Publications Details
Improving and Assessing the Quality of Uncertainty Quantification in Deep Learning
Adams, Jason R.; Baiyasi, Rashad; Berman, Brandon; Darling, Michael C.; Ganter, Tyler; Michalenko, Joshua J.; Patel, Lekha; Ries, Daniel; Liang, Feng; Qian, Christopher; Roy, Krishna
Deep learning (DL) models have enjoyed increased attention in recent years because of their powerful predictive capabilities. While many successes have been achieved, standard deep learning methods suffer from a lack of uncertainty quantification (UQ). While the development of methods for producing UQ from DL models is an active area of current research, little attention has been given to the quality of the UQ produced by such methods. In order to deploy DL models to high-consequence applications, high-quality UQ is necessary. This report details the research and development conducted as part of a Laboratory Directed Research and Development (LDRD) project at Sandia National Laboratories. The focus of this project is to develop a framework of methods and metrics for the principled assessment of UQ quality in DL models. This report presents an overview of UQ quality assessment in traditional statistical modeling and describes why this approach is difficult to apply in DL contexts.

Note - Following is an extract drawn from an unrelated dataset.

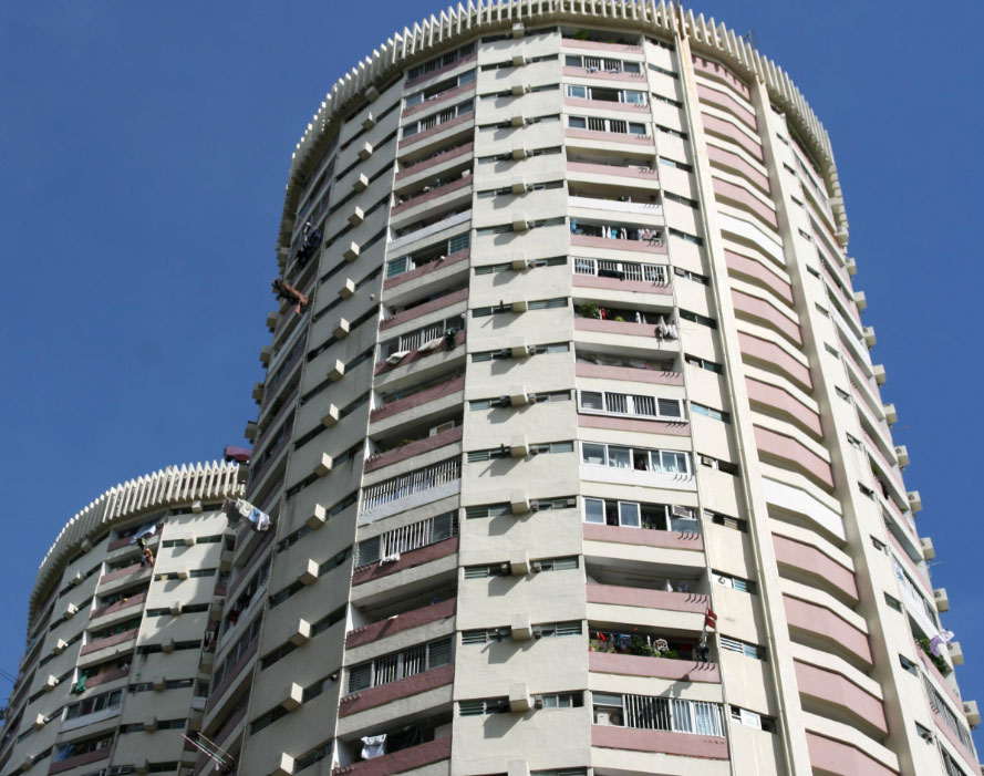 大坑勵德邨藝術攝影

An assessment on relatively simple simulated data is presented to demonstrate that UQ quality can differ greatly between DL models trained on the same data. A method for simulating image data that can then be used for UQ quality assessment is described. A general method for simulating realistic data for the purpose of assessing a model’s UQ quality is also presented. A Bayesian uncertainty framework for understanding uncertainty and existing metrics is described. Research that came out of collaborations with two university partners are discussed along with a software toolkit that is currently being developed to implement the UQ quality assessment framework as well as serve as a general guide to incorporating UQ into DL applications.